[Haskell-cafe] Naturality condition for inits

[Derek Elkins]

On Sat, 2009-03-07 at 22:18 +0000, R J wrote:
> Here's another Bird problem that's stymied me:
> 
> The function "inits" computes the list of initial segments of a list;
> its type is inits :: [a] -> [[a]].  What is the appropriate naturality
> condition for "inits"?

A natural transformation is between two Functors f and g is a
polymorphic function t :: (Functor f, Functor g) => f a -> g a.  The
naturality condition is the free theorem which states*:
for any function f :: A -> B, t . fmap f = fmap f . t
Note that fmap is being used in two different instances here.
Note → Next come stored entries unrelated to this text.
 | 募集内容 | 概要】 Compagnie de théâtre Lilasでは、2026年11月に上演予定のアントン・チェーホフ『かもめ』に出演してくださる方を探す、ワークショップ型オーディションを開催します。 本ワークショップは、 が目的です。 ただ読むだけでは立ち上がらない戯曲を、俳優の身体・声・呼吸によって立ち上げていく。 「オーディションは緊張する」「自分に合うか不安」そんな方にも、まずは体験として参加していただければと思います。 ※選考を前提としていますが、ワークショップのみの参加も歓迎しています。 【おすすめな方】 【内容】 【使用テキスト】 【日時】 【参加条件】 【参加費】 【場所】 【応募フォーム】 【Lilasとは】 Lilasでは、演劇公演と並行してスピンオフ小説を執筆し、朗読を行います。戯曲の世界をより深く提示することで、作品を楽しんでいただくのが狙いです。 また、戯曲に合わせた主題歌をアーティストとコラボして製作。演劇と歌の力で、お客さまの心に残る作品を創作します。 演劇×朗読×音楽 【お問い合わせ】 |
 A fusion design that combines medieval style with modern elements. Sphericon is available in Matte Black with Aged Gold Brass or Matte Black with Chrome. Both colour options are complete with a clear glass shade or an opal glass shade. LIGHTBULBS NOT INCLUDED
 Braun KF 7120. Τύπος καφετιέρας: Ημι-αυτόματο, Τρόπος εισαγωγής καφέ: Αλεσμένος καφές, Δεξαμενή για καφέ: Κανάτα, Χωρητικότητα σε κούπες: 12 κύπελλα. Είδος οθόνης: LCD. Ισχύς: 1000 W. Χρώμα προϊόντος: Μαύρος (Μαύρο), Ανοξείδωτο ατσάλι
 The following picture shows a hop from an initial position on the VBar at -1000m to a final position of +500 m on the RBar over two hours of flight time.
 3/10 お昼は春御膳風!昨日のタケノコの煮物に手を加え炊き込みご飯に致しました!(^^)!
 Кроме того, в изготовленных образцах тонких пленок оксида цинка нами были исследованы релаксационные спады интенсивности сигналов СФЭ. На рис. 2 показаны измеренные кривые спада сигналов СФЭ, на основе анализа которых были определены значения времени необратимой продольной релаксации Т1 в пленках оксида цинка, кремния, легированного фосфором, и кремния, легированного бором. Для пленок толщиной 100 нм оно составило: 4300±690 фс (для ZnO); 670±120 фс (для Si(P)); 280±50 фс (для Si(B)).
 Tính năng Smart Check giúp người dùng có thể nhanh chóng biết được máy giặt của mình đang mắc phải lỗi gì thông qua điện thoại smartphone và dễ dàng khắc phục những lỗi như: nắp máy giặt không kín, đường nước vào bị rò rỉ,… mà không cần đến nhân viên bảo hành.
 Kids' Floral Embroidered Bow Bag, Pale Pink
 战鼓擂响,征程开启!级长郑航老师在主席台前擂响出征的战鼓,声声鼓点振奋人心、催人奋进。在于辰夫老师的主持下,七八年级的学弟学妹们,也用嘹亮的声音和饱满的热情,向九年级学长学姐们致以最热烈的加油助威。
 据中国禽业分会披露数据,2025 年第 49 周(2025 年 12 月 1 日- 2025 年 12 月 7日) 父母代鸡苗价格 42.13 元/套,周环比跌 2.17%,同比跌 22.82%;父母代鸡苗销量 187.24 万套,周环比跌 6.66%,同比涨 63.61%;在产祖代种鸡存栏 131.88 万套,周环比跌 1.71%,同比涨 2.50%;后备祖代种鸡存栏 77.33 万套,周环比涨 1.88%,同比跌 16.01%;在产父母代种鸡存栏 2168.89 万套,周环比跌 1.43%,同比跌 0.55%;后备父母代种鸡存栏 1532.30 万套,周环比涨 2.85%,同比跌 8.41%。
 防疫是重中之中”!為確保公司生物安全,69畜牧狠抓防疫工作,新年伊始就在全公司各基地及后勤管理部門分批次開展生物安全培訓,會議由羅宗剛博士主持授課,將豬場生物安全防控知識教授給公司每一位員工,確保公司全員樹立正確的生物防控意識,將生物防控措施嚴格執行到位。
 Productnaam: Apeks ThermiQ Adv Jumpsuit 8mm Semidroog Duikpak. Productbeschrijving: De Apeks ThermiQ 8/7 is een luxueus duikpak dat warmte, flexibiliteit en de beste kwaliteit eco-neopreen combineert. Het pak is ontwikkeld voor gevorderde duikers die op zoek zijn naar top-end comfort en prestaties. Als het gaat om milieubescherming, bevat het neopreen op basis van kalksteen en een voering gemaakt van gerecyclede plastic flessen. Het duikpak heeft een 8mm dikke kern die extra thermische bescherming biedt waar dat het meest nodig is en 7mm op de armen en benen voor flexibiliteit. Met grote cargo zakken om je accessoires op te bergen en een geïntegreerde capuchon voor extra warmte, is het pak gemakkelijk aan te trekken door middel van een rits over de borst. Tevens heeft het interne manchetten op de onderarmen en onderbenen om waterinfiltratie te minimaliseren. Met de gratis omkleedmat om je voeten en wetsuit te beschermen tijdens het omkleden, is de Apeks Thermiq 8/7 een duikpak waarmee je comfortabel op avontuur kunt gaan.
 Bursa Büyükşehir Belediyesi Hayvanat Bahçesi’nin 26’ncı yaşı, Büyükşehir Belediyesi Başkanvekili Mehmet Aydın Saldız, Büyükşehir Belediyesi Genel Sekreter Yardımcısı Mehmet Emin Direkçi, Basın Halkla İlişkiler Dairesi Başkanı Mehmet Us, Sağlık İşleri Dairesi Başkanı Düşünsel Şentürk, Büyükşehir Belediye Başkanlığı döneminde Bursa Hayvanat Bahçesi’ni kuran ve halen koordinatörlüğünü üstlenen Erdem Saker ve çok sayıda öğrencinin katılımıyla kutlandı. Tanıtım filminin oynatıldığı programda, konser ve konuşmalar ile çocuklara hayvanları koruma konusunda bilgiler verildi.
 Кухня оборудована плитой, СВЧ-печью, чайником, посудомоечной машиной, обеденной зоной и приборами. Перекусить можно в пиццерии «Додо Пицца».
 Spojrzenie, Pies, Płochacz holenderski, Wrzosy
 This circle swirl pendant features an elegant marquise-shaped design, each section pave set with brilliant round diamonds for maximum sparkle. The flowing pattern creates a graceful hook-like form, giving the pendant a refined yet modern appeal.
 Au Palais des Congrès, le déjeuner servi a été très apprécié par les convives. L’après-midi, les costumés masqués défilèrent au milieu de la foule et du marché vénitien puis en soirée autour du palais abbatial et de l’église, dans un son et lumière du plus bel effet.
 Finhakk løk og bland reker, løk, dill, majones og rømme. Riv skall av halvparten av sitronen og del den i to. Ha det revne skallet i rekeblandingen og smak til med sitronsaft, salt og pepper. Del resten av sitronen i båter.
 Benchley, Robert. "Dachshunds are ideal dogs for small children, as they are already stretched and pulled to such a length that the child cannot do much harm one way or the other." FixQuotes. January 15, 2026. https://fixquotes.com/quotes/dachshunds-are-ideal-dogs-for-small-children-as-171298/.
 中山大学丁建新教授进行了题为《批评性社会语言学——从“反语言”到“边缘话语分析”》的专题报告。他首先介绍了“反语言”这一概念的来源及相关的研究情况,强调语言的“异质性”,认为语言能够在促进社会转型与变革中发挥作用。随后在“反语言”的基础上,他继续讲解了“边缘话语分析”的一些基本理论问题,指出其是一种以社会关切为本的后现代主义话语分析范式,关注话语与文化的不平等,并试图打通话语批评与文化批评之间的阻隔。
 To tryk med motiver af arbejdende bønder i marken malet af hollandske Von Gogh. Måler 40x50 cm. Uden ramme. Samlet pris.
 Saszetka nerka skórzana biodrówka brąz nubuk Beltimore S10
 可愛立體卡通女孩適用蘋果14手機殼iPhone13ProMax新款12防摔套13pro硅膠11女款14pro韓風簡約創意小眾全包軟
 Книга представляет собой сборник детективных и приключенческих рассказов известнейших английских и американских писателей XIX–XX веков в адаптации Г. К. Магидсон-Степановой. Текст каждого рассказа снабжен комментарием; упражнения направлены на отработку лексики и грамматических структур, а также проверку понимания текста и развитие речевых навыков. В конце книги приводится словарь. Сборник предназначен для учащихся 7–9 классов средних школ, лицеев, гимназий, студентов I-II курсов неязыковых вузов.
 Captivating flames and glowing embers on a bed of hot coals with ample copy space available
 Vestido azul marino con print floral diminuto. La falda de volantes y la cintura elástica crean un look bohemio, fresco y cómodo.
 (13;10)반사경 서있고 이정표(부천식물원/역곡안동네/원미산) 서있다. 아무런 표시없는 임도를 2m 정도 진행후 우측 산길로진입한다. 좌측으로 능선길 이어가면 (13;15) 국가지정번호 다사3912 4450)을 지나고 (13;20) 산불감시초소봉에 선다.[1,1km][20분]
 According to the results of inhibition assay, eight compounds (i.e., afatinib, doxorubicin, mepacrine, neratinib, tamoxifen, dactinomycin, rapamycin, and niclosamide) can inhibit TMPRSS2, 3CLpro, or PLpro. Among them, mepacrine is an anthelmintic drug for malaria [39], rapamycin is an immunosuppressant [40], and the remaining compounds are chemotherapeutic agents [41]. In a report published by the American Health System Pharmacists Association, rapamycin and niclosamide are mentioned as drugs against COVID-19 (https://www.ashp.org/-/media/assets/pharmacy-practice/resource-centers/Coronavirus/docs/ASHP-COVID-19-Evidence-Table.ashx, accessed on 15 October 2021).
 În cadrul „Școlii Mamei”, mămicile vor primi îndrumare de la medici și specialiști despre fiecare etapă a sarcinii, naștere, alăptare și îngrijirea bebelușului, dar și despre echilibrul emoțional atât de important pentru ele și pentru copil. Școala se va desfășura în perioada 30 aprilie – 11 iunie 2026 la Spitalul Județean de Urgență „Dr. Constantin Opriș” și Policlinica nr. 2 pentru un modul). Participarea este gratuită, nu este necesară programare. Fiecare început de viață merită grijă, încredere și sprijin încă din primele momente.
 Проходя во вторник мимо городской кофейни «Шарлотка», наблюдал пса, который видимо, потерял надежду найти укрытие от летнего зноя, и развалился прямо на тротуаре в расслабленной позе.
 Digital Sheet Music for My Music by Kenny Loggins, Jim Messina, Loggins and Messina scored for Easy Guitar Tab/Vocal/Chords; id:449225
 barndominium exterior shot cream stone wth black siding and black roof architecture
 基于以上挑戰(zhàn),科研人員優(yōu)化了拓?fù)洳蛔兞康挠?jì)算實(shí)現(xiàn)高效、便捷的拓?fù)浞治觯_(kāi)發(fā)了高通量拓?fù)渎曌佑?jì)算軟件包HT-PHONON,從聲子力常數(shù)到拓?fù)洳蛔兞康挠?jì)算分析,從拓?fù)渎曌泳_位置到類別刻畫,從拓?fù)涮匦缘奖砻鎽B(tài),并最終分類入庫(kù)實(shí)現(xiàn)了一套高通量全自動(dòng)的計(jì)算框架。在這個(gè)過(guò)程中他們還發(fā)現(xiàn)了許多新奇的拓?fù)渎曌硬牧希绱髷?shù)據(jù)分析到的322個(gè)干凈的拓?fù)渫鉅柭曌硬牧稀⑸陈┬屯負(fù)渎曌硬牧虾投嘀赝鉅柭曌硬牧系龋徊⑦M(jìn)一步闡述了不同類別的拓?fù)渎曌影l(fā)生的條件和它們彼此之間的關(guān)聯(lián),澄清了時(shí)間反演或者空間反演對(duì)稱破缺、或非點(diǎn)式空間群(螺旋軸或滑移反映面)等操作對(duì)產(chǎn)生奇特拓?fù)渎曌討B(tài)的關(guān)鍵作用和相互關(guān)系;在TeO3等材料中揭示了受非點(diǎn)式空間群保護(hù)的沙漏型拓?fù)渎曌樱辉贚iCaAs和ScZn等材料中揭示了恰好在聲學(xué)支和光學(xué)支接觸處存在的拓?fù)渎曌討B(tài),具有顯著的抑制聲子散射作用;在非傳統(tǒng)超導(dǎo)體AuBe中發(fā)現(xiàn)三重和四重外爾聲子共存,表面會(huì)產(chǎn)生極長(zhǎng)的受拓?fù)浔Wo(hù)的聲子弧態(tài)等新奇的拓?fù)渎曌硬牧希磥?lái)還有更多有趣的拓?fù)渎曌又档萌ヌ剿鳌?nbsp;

For lists, fmap = map and so we have for any polymorphic function [a] ->
[a] using reverse as a representative,
map f . reverse = reverse . map f.

inits is a natural transformation between [] and [] . [] (where . is
type-level composition and not expressible in Haskell).  Functors
compose just by composing their fmaps, so fmap for [] . [] is simply
map . map, therefore the naturality condition for inits is the
following:
for any function f :: A -> B,
inits . map f = map (map f) . inits
which you can easily prove.

* Actually there are some restrictions relating to bottom.